= Gavin Stevens (character) =

Gavin Stevens is a lawyer and the county attorney in Jefferson in Faulkner's fictional Yoknapatawpha County, Mississippi. He was educated at Harvard (Phi Beta Kappa) and Heidelberg universities.

He is shrewd, observant and tolerant of the quirks and foibles of his fellow Southerners. He takes part in the detection and prevention of crime in the county community, and in handling the human passions released by violence in the community.

The stories are mostly narrated by his nephew Charles (Chick) Mallison, who calls him Uncle Gavin. His best friend is Vladimir Kyrilytch "V. K." Ratliff (a.k.a. Suratt).

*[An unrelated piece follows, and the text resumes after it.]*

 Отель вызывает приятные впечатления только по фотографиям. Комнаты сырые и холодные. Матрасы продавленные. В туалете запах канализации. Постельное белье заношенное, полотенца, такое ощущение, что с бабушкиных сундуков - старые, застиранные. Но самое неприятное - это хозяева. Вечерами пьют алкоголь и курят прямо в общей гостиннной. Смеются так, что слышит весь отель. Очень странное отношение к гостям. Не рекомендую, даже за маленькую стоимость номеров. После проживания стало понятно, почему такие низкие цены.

He is described as heroic, idealistic, tireless, and meddlesome. He finally marries the Widow Harris, the sweetheart of his youth.

Gowan Stevens is related; he is described as Gavin's cousin in The Town and Gavin's nephew in Requiem for a Nun.

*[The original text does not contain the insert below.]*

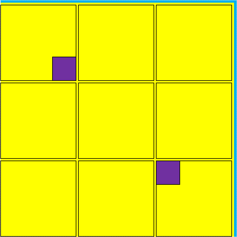 Вот пробую нарисовать план куба. Это план стандартного жилого этажа 1х1 км и высотой ~45 метров. Этаж разделён на 9 блоков По двум краям этажа проходят в несколько уровней линии метро ориентированные по сторонам света. Разные уровни линий метро для разных нужд: грузовая, местная, экспресс. Для дальних коммуникаций используется пространство отдельного этажа. Два фиолетовых квадрата - это вентиляционные шахты 100х100 м. В самом начале, они закрыты для наружной атмосферы и циркуляция воздуха происходит только внутри куба, но когда внешняя атмосфера планеты уже станет достаточно насыщена кислородом, воздух будет спускаться из атмосферы в одну шахту на глубину в несколько километров, а по другой он будет выходить из куба наружу. Такая циркуляция воздуха позволит легче поддерживать кислородный и тепловой баланс на этажах куба. ... |

== Novels with Gavin Stevens ==
- Sanctuary (1931)
- Light in August (1932)
- Go Down, Moses (1942)
- Intruder in the Dust (1948)
- Requiem for a Nun (1951)
- The Town (1957) in which he narrates Chapters 2,5,8,13,15,17,20,22
- The Mansion (novel) (1959)

== Short stories with Gavin Stevens ==

All the stories listed here were included in the volume Knight's Gambit (1949):

- Smoke (1932)
- Monk (1937)
- Hand Upon the Waters (1939)
- Tomorrow (1940)
- An Error in Chemistry (1946)
- Knight's Gambit (1949)

== Film adaptations with Gavin Stevens ==
The character appears in Intruder in the Dust, the film. David Brian plays the character.

In the 1961 film Sanctuary, adapted from the original novel and its sequel, he is known as Ira Bobbitt and is played by Harry Townes. Gene Phillips of Loyola University of Chicago wrote that the name was likely altered to avoid confusion with Gowan.